화학공학소재연구정보센터
Journal of the American Chemical Society, Vol.141, No.45, 18286-18292, 2019
Well-Defined Silica-Supported Tungsten(IV)-Oxo Complex: Olefin Metathesis Activity, Initiation, and Role of Bronsted Acid Sites
Despite the importance of the heterogeneous tungsten-oxo-based olefin metathesis catalyst (WO3/SiO2) in industry, understanding of its initiation mechanism is still very limited.

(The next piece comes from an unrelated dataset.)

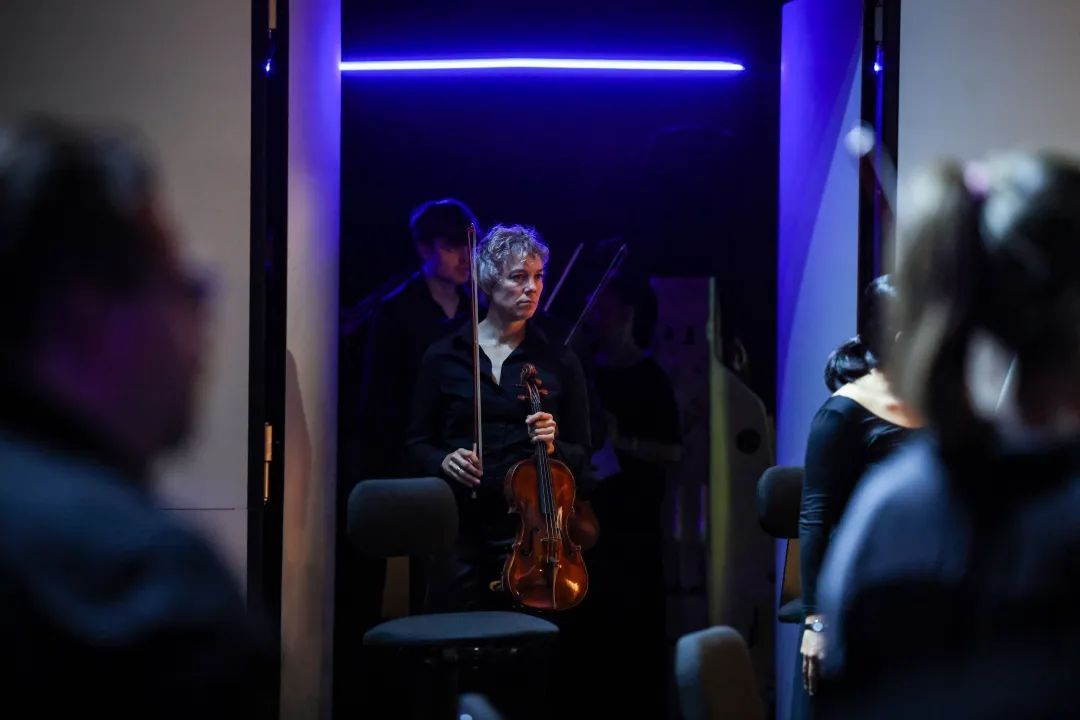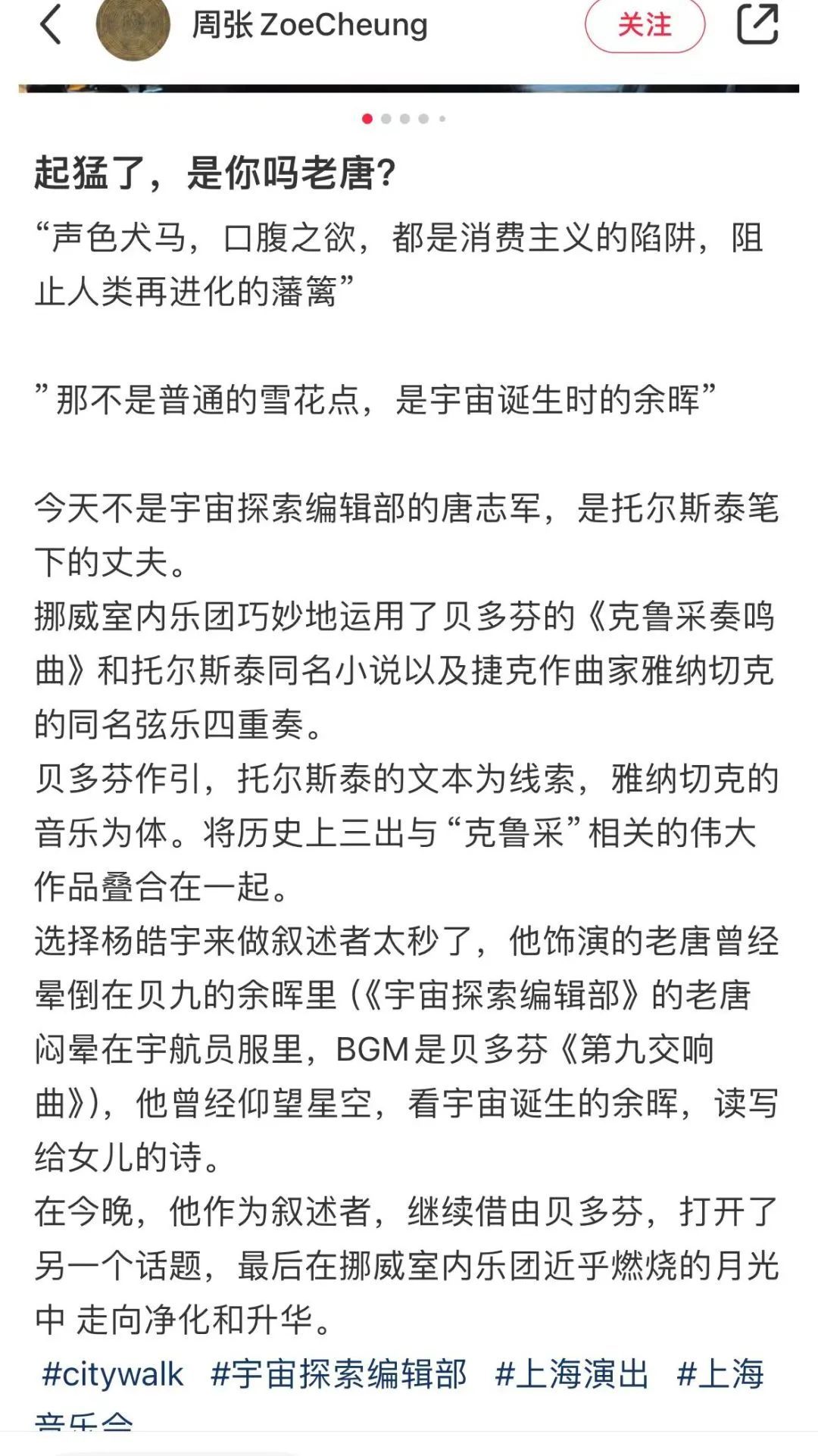 9月21/22日,挪威室内乐团现场演绎的改编版《克鲁采奏鸣曲》亦从小说情节和情感出发,四重奏的四个乐章被完整地演奏出来,配合小说的四个关键节点,使得音乐与文本的结合更加紧密,情感更加深刻。

It has been proposed that reduced W(IV)-oxo surface species act as precatalysts. In order to understand the reactivity and initiation mechanism of surface W(IV)-oxo species, we synthesized a well-defined silica-supported W(IV)-oxo species, ( SiO)WO-(OtBuF(6))(py)(3) (F6@SiO2-700; OtBuF(6) = OC(CH3)(CF3)(2); py = pyridine), via surface organometallic chemistry (SOMC). F-6@SiO2-700 was shown to be highly active in olefin metathesis upon removal of pyridine ligands through the addition of tris(pentafluorophenyl)borane (B(C6F5)(3)) or thermal treatment under high vacuum. The metathesis activity toward olefins with and without allylic C-H groups, namely beta-methylstyrene and styrene, respectively, was investigated. In the case of styrene, we demonstrated the role of surface OH groups in initiating metathesis activity. We proposed that the presence of strong Bronsted acidic OH sites, which likely arises from the presence of adjacent W sites in the catalyst as revealed by N-15-labeled pyridine adsorption, can assist styrene metathesis. In contrast, initiation of olefins with allylic C-H groups (e.g., beta-methylstyrene) is independent of the surface OH density and likely involves an allylic C-H activation mechanism, like the molecular W(IV)-oxo species. This study indicates that initiation mechanisms depend on the olefinic substrates and reveals the synergistic effect of Bronsted acidic surface sites and reduced W(IV) sites in the initiation of olefin metathesis.